- _What is expected_
The answer should be an exact repeat of the stretch of material below from the line containing "古鷹は古鷹型重巡洋艦の1番艦" through the line containing "Col montant avec".

(Extracted material)

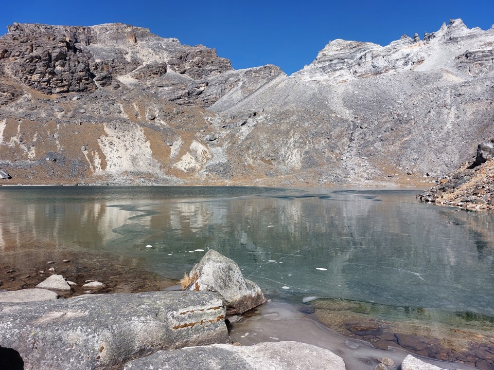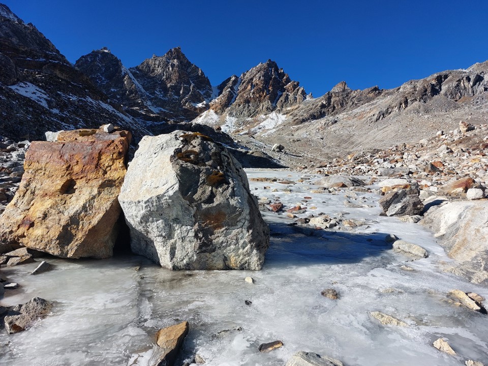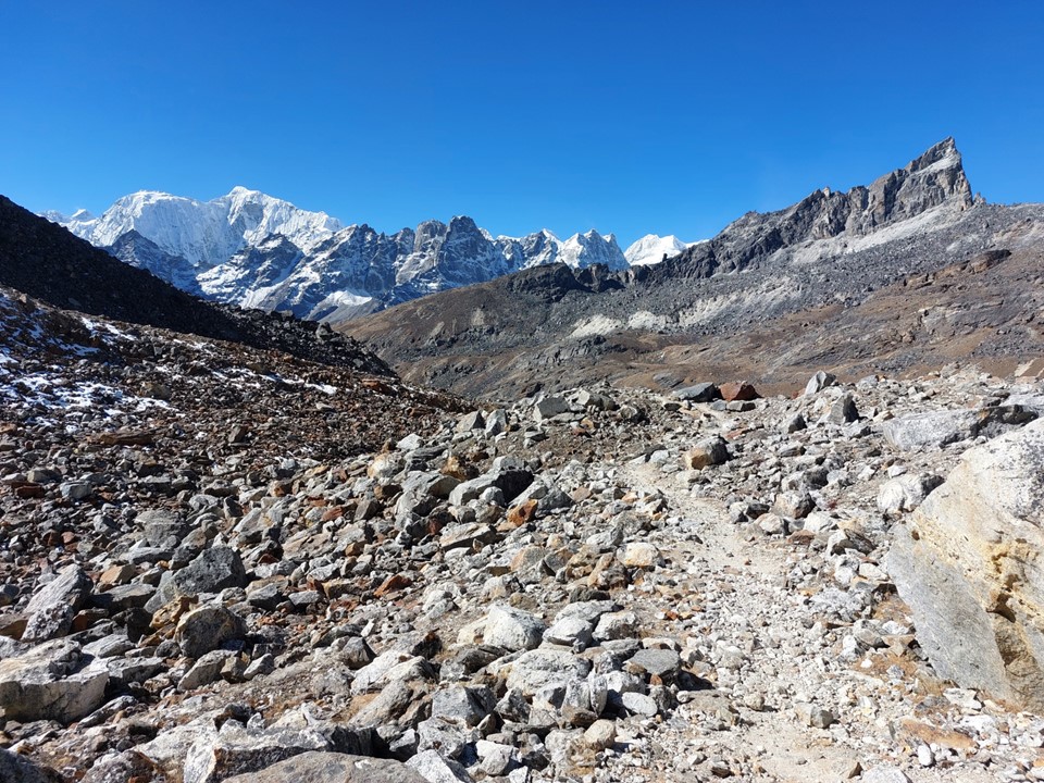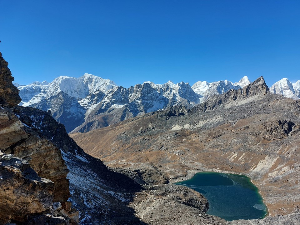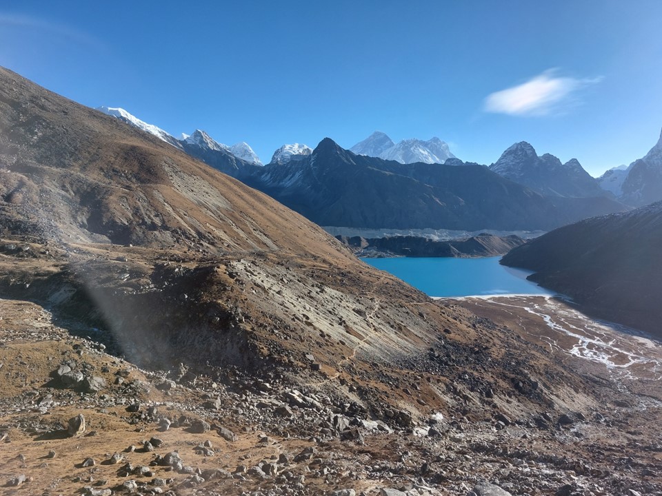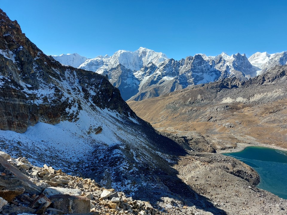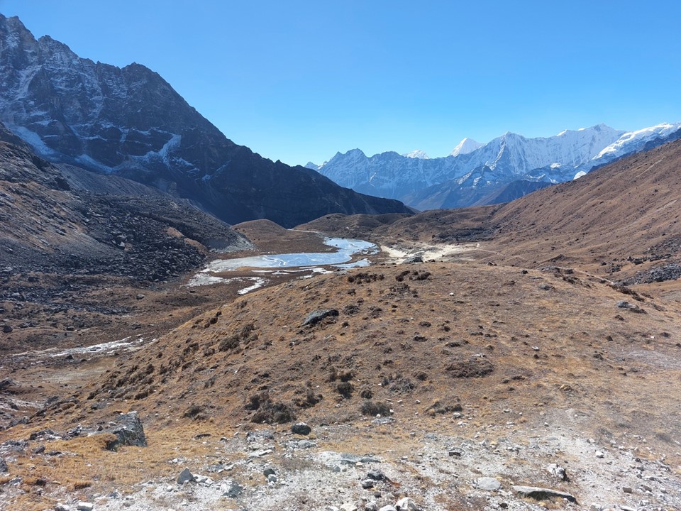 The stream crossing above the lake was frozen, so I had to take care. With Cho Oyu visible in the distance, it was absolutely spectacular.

(End Extracted material)
(Extracted material)

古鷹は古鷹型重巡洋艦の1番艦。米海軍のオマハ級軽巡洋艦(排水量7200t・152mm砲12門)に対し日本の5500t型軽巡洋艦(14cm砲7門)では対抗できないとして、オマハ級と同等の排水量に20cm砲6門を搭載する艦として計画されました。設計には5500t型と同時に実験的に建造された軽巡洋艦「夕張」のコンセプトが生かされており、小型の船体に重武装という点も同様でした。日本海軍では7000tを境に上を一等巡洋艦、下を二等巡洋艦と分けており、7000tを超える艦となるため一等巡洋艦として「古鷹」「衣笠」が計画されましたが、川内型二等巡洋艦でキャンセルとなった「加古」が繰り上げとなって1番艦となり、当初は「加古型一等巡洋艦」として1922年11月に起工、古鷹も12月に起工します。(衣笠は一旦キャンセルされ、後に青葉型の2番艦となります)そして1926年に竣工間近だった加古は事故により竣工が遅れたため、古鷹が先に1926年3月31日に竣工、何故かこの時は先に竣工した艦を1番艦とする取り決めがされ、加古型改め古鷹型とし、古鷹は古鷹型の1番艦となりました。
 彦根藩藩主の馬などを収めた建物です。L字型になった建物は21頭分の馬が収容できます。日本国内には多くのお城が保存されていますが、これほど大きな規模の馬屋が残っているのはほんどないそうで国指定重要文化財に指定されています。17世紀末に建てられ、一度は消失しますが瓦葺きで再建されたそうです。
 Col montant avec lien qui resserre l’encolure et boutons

(End Extracted material)

- _Solution for this exercise_
古鷹は古鷹型重巡洋艦の1番艦。米海軍のオマハ級軽巡洋艦(排水量7200t・152mm砲12門)に対し日本の5500t型軽巡洋艦(14cm砲7門)では対抗できないとして、オマハ級と同等の排水量に20cm砲6門を搭載する艦として計画されました。設計には5500t型と同時に実験的に建造された軽巡洋艦「夕張」のコンセプトが生かされており、小型の船体に重武装という点も同様でした。日本海軍では7000tを境に上を一等巡洋艦、下を二等巡洋艦と分けており、7000tを超える艦となるため一等巡洋艦として「古鷹」「衣笠」が計画されましたが、川内型二等巡洋艦でキャンセルとなった「加古」が繰り上げとなって1番艦となり、当初は「加古型一等巡洋艦」として1922年11月に起工、古鷹も12月に起工します。(衣笠は一旦キャンセルされ、後に青葉型の2番艦となります)そして1926年に竣工間近だった加古は事故により竣工が遅れたため、古鷹が先に1926年3月31日に竣工、何故かこの時は先に竣工した艦を1番艦とする取り決めがされ、加古型改め古鷹型とし、古鷹は古鷹型の1番艦となりました。
 彦根藩藩主の馬などを収めた建物です。L字型になった建物は21頭分の馬が収容できます。日本国内には多くのお城が保存されていますが、これほど大きな規模の馬屋が残っているのはほんどないそうで国指定重要文化財に指定されています。17世紀末に建てられ、一度は消失しますが瓦葺きで再建されたそうです。
 Col montant avec lien qui resserre l’encolure et boutons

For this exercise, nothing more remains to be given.